*RECORDS TO USE*:
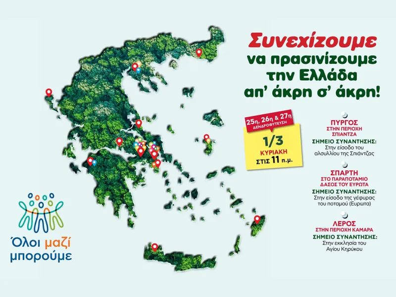 Και φέτος, συνεχίζουμε να πρασινίζουμε την Ελλάδα από άκρη σε άκρη! Αυτή την Κυριακή 1 Μαρτίου, έχουμε τριπλή δενδροφύτευση σε Πύργο, Σπάρτη και Λέρο.
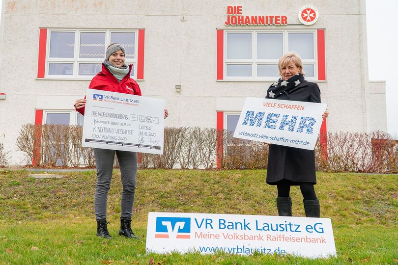Der Bau von einem lang ersehnten Kletterfelsen kann starten. Gemeinsam mit der VR Bank Lausitz eG und zahlreichen Spendern ist das möglich geworden und der Betrag von Euro ist zusammengekommen. Den Scheck haben Elisa Buchwald aus dem Johanniter Fundraising Team und die KITA Fachbereichsleitung Angelika Poppe entgegen genommen. Bald ist Klettern angesagt, vielleicht probieren wir den Felsen ja auch mal aus.Wir sagen nochmals herzlichen Dank!
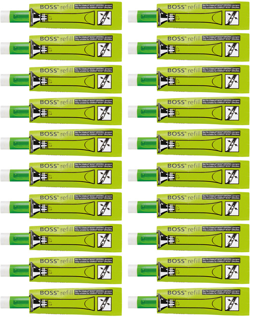 * La recharge STABILO BOSS ORIGINAL est un système de recharge pour les surligneurs STABILO BOSS ORIGINAL, STABILO BOSS SPLASH et STABILO GREEN BOSS. * Les recharges pratiques sont faciles à placer sur la pointe et le surligneur se recharge. * Chaque recharge est emballée indépendamment.
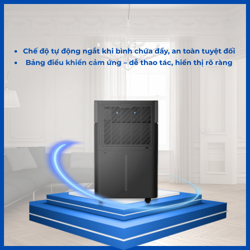 Công nghệ nén lạnh tiên tiến giúp máy hoạt động ổn định, tiết kiệm điện năng, đồng thời duy trì hiệu quả hút ẩm cao ngay cả trong điều kiện độ ẩm vượt ngưỡng.
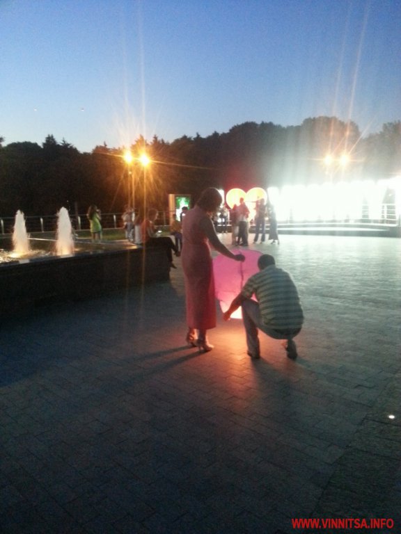 Спочатку деякі ліхтарики не піднімалися у небо, але це не зіпсувало атмосферу, всі були з чудовим настроєм, тому до такої дрібниці віднеслися з гумором. На площі грала романтична музика, чутно було шум фонтанів та сміх вінничан.
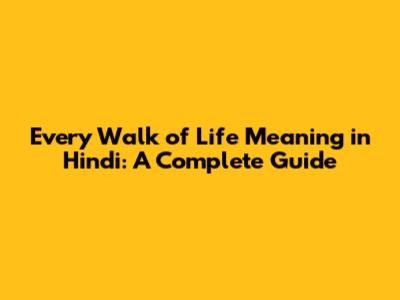 Every Walk Of Life Meaning In Hindi: A Complete Guide
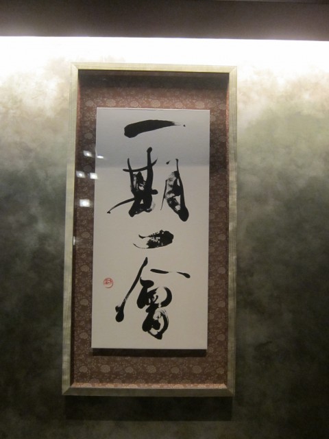 階段を降りると、「一期一会」の書が飾られ、相変わらずの
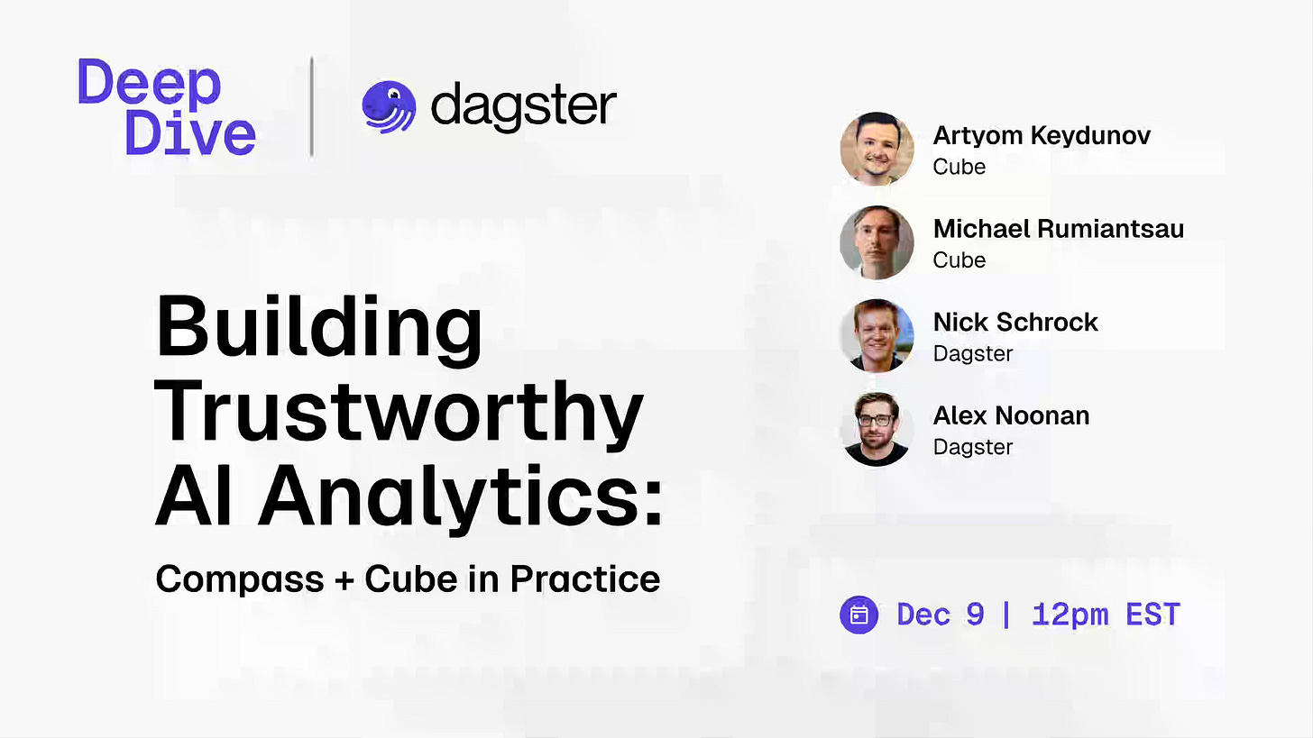 If your team is relying on AI-driven insights, this upcoming webinar will show you how to make those insights more dependable, transparent, and explainable. In this 12/9 Deep Dive with our friends at Cube, you’ll learn:
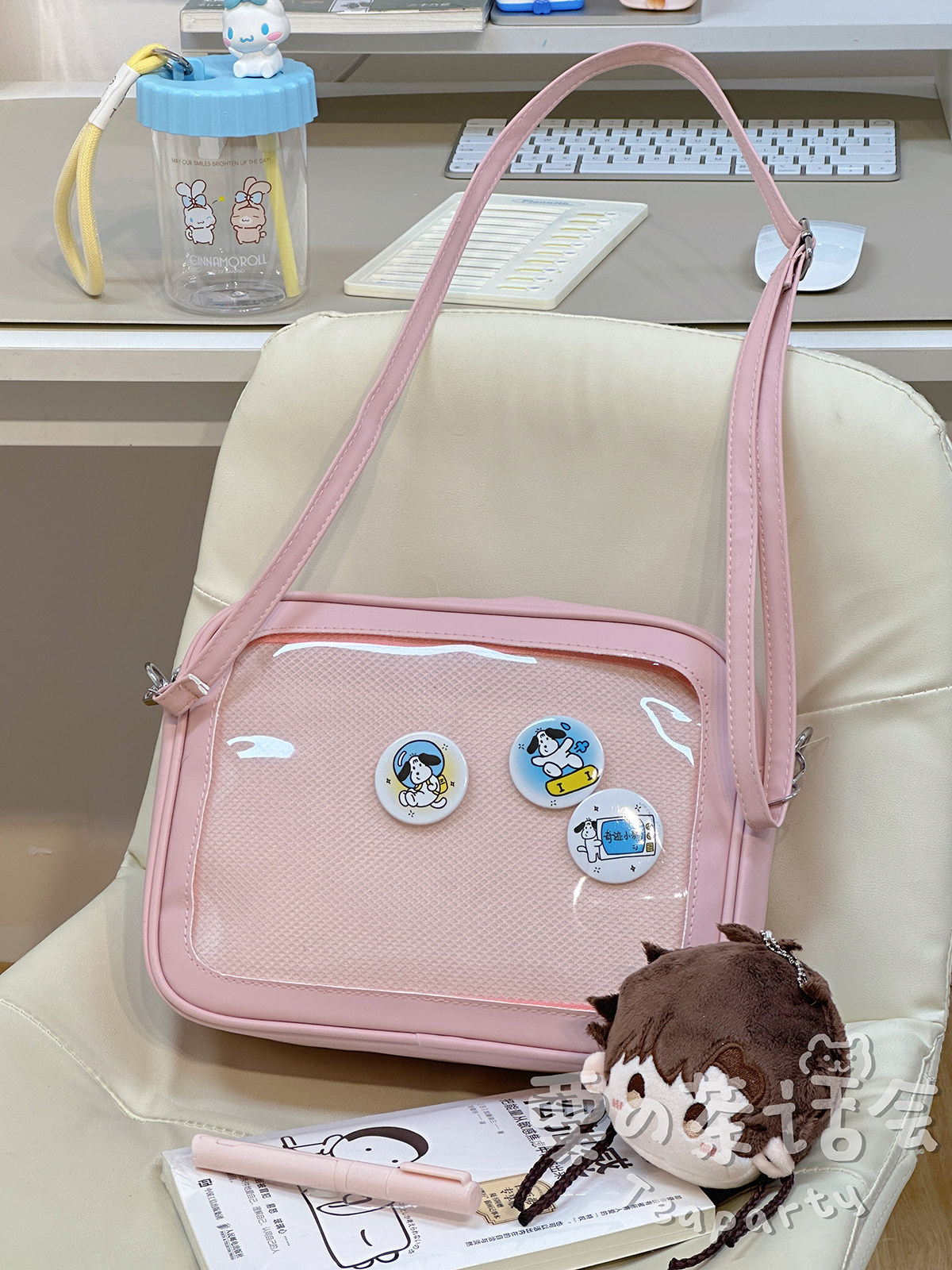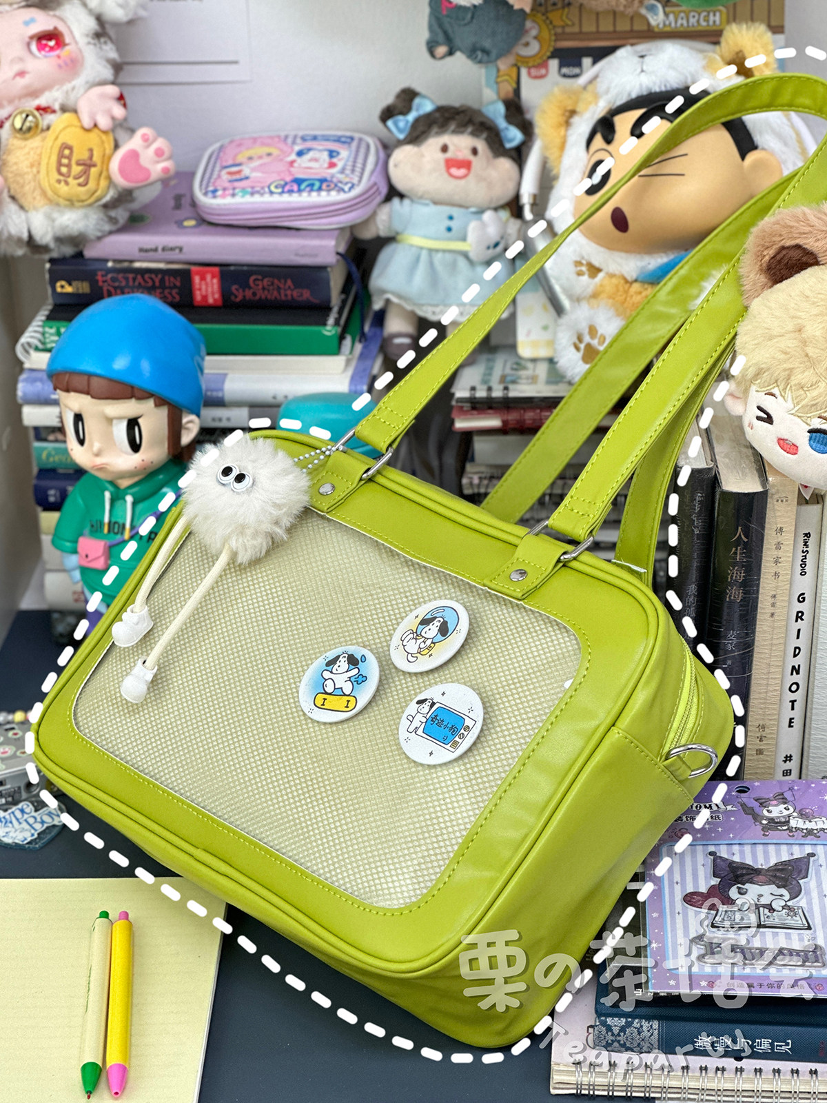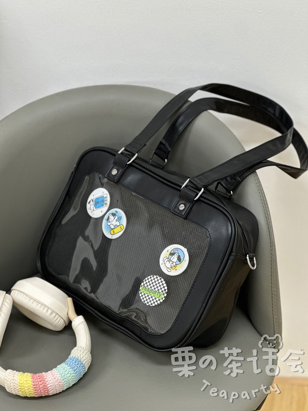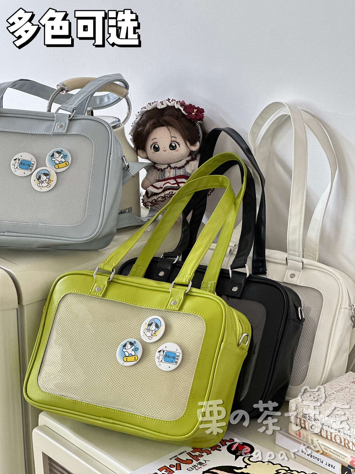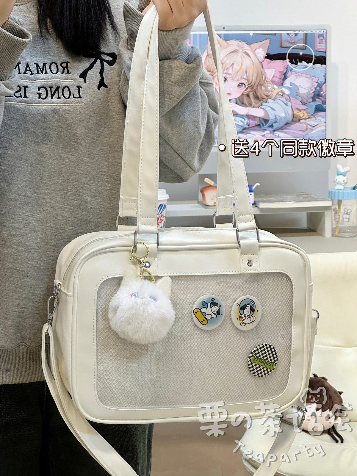 日系軟妹看展吧唧痛包穀子展示袋 學院ins二次元PU手提斜後後背包包女
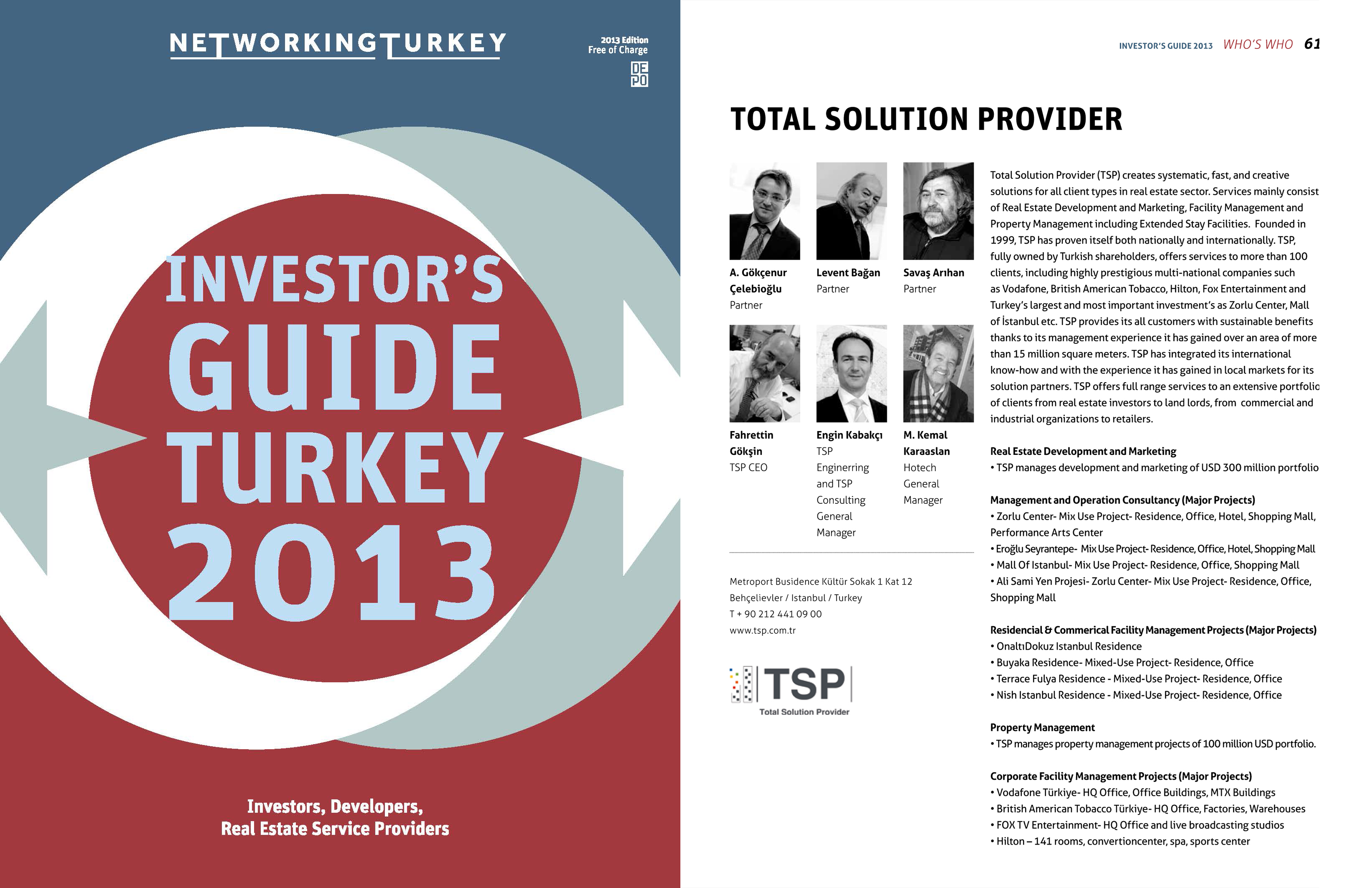 TSP Uluslarası MIPIM Fuarında, Türkiyenin tanıtıldığı Investors Guide Turkey 2013 kitabında yer alan tek Facility Management Firması idi.
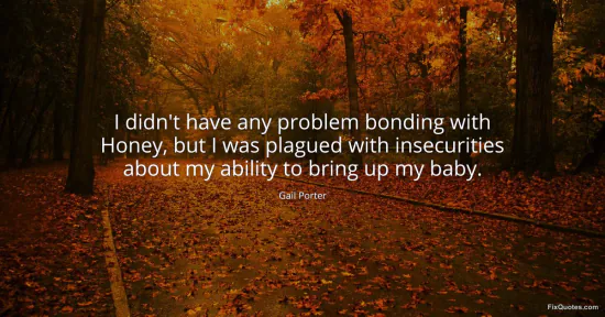 There is a small act of defiance in the way Gail Porter splits the sentence in two: love comes easily, confidence does not. “I didn’t have any problem bonding with Honey” is almost blunt in its simplicity, like she’s preempting the tired suspicion that fame or a complicated life makes a woman less capable of tenderness. Then she pivots to the real confession: “plagued with insecurities” about “my ability to bring up my baby.” The verb choice matters. “Plagued” isn’t a passing worry; it’s intrusive, bodily, relentless. It frames self-doubt as something that happens to you, not something you choose.

*THE PROBLEM*:
Except for the pictures, give the data again word for word.

*WRITTEN RESPONSE*:
 Και φέτος, συνεχίζουμε να πρασινίζουμε την Ελλάδα από άκρη σε άκρη! Αυτή την Κυριακή 1 Μαρτίου, έχουμε τριπλή δενδροφύτευση σε Πύργο, Σπάρτη και Λέρο.
Der Bau von einem lang ersehnten Kletterfelsen kann starten. Gemeinsam mit der VR Bank Lausitz eG und zahlreichen Spendern ist das möglich geworden und der Betrag von Euro ist zusammengekommen. Den Scheck haben Elisa Buchwald aus dem Johanniter Fundraising Team und die KITA Fachbereichsleitung Angelika Poppe entgegen genommen. Bald ist Klettern angesagt, vielleicht probieren wir den Felsen ja auch mal aus.Wir sagen nochmals herzlichen Dank!
 * La recharge STABILO BOSS ORIGINAL est un système de recharge pour les surligneurs STABILO BOSS ORIGINAL, STABILO BOSS SPLASH et STABILO GREEN BOSS. * Les recharges pratiques sont faciles à placer sur la pointe et le surligneur se recharge. * Chaque recharge est emballée indépendamment.
 Công nghệ nén lạnh tiên tiến giúp máy hoạt động ổn định, tiết kiệm điện năng, đồng thời duy trì hiệu quả hút ẩm cao ngay cả trong điều kiện độ ẩm vượt ngưỡng.
 Спочатку деякі ліхтарики не піднімалися у небо, але це не зіпсувало атмосферу, всі були з чудовим настроєм, тому до такої дрібниці віднеслися з гумором. На площі грала романтична музика, чутно було шум фонтанів та сміх вінничан.
 Every Walk Of Life Meaning In Hindi: A Complete Guide
 階段を降りると、「一期一会」の書が飾られ、相変わらずの
 If your team is relying on AI-driven insights, this upcoming webinar will show you how to make those insights more dependable, transparent, and explainable. In this 12/9 Deep Dive with our friends at Cube, you’ll learn:
 日系軟妹看展吧唧痛包穀子展示袋 學院ins二次元PU手提斜後後背包包女
 TSP Uluslarası MIPIM Fuarında, Türkiyenin tanıtıldığı Investors Guide Turkey 2013 kitabında yer alan tek Facility Management Firması idi.
 There is a small act of defiance in the way Gail Porter splits the sentence in two: love comes easily, confidence does not. “I didn’t have any problem bonding with Honey” is almost blunt in its simplicity, like she’s preempting the tired suspicion that fame or a complicated life makes a woman less capable of tenderness. Then she pivots to the real confession: “plagued with insecurities” about “my ability to bring up my baby.” The verb choice matters. “Plagued” isn’t a passing worry; it’s intrusive, bodily, relentless. It frames self-doubt as something that happens to you, not something you choose.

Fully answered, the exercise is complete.